Rindu karenamu ialah pemaksa yang tak bisa ditolak, An.
Ia bak penguasa tiran yang menciptakan keterpaksaan-keterpaksaan yang mesti aku nikmati sendirian.
Ia seorang pemerkosa yang menelanjangiku habis-habisan.
Ia serupa tuan dan aku selayak budak yang mesti menuruti seluruh keinginannya tanpa mampu menolak, sekalipun hal-hal yang dilakukkannya bertolak belakang dalam segi rasional.

Aku rindu wujudmu, An.
Rindu kau dengan segala keindahan yang Tuhan anugerahkan.
Aku merindukan pelukmu, perhatianmu, rasa pedulimu, keberadaanmu, seluruhmu.
Kau tempat pulang ternyaman yang teramat mujarab mencipta tenang, hingga selepas kau pergi aku kembali onar.

An, bagaimana kabar semestamu?
Bagaimana orang-orang yang kau temui selepas aku?
Siapa saja yang kini menjadi pusat bahagiamu, dan menjadi pendengar utama setiap kau ada apa-apa?

An, seringkali aku merasa benar-benar sendirian.
Aku takut, An.
Hingga kini tak jua kutemui sosok sebaik dirimu.
Aku teramat rentan, An.

An, sungguh, aku ingin kembali.
Sejenak saja...

Andai ada akses yang bisa memutar ulang, aku ingin memelukmu dan menyampaikan banyak hal.

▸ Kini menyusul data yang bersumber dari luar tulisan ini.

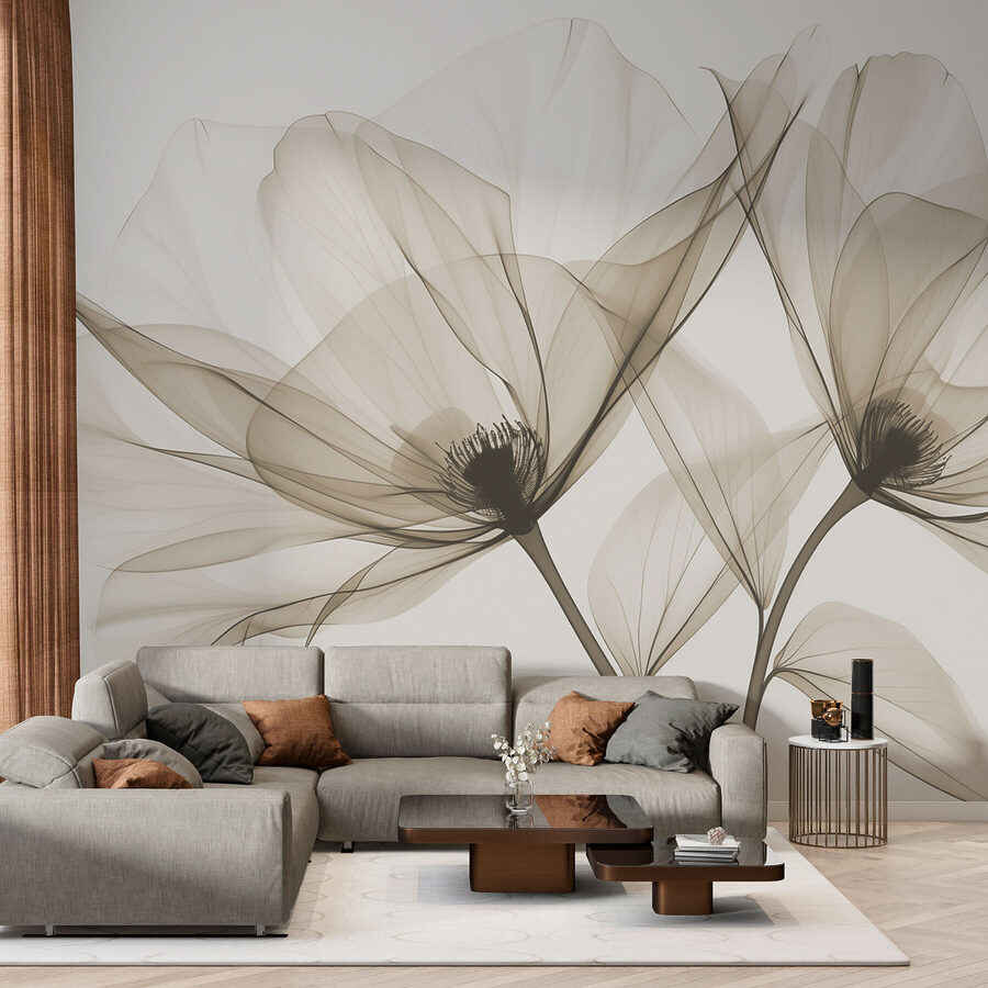 Verwandeln Sie eine schlichte Wand in eine ruhige Oase mit dieser atemberaubenden Fototapete, die elegante sepiafarbene Blüten zeigt. Stellen Sie sich vor, Sie betreten einen gemütlichen Raum, der Komfort und Raffinesse ausstrahlt. Die weichen, fließenden Linien der Blumen scheinen zu tanzen und laden dazu ein, an Frühlingstage und warmes Sonnenlicht zu denken, das durch die Blätter fällt. Es ist, als ob man sich ein Stück Natur ins Haus holt, ohne die Gießkanne zu benutzen. Ob im Wohnzimmer, im Schlafzimmer oder sogar in einer ruhigen Leseecke, diese zarten Blüten schaffen eine heitere Stimmung, in der man es sich mit einem guten Buch gemütlich machen kann – oder einfach nur die Schönheit genießen.

An, andai aku tahu akhir kita seperti ini, aku ingin memaknai waktu denganmu lebih baik lagi.
Aku ingin melewati lebih banyak hal lagi saat masih denganmu.
Aku ingin mengatakan seluruh perasaanku sebelum terlambat dan menjadi asing seperti ini, An.

An, apa kau bahagia?

Semoga...
Sebab mendoakanmu untuk bahagia adalah cara terakhir yang selalu aku pintakan pada Tuhan untuk bisa menyampaikan wujud rasa sayang.

Semoga semesta berlaku baik padamu, An.
Aku tahu seharusnya aku pun harus bahagia, atau setidaknya berusaha untuk bahagia.
Sebab bahagia tak akan pernah aku temukan, bila menangisimu terus-menerus aku lakukan.

Tapi, An...
Kehilanganmu adalah seampuh-ampuhnya kesedihan, tangis yang tak ingin aku awetkan namun terus mengalir tanpa kenal pemberhentian.

An, kehilanganmu sama saja dengan kehilangan diriku sendiri.

Tidak mudah, An...

Tidak mudah...

Tolong jangan paksa aku untuk lekas berlalu.

Tolong, An...

Izinkan aku bersedih hingga benar-benar habis rasa sedih.
Hingga puas tangis membuat kepalaku mendidih.

Kau?
Terserah, An.

Tapi aku harap kau tak sesedih aku.
Sebab aku akan jauh lebih berdarah-darah kala mendapati kau susah.

Tak apa, An.
Kau bahagia saja.
Nikmati dunia barumu, bersenang-senanglah dengan segala pilihanmu.

Aku?
Maaf, sebab aku masih ingin di sini, An.
Biarkan aku menikmati kesedihan sebagai menu mewah yang membuat hatiku kian kenyang oleh darah.
Sampai aku benar-benar merasa cukup, sampai mata dan batin ikut muak, sampai waktu yang tak terkira. Maaf...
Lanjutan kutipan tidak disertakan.